What to work on -> What you submit must be an exact copy of the listing below, with no images in it.

[Opening Source material section]

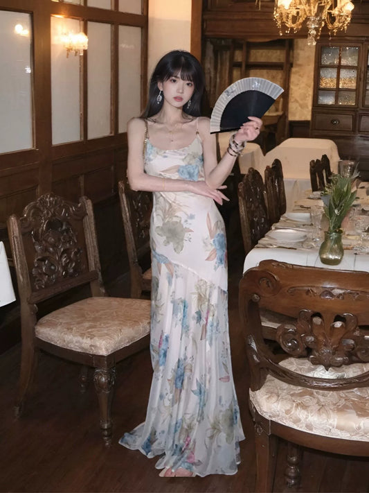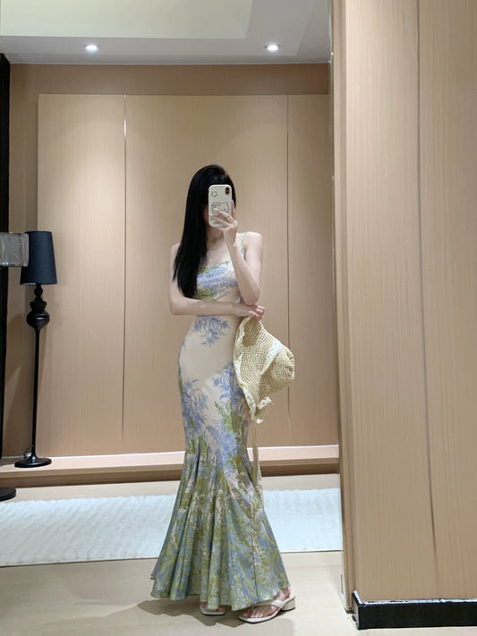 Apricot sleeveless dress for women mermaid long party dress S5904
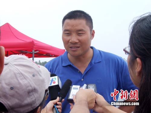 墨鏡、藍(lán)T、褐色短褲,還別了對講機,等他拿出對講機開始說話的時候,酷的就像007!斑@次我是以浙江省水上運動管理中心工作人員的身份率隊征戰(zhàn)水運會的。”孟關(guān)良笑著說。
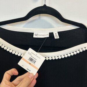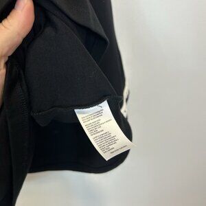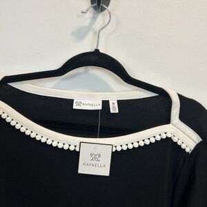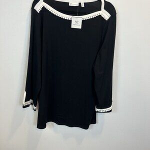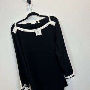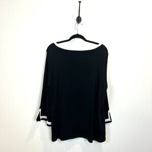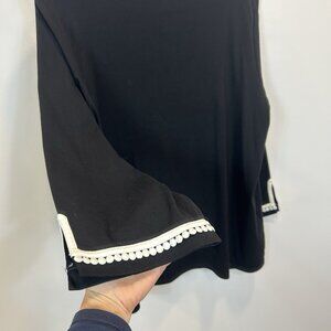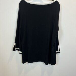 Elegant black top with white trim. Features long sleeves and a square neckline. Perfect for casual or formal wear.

[Closing Source material section]

Exercise solution ->
 Apricot sleeveless dress for women mermaid long party dress S5904
 墨鏡、藍(lán)T、褐色短褲,還別了對講機,等他拿出對講機開始說話的時候,酷的就像007!斑@次我是以浙江省水上運動管理中心工作人員的身份率隊征戰(zhàn)水運會的。”孟關(guān)良笑著說。
 Elegant black top with white trim. Features long sleeves and a square neckline. Perfect for casual or formal wear.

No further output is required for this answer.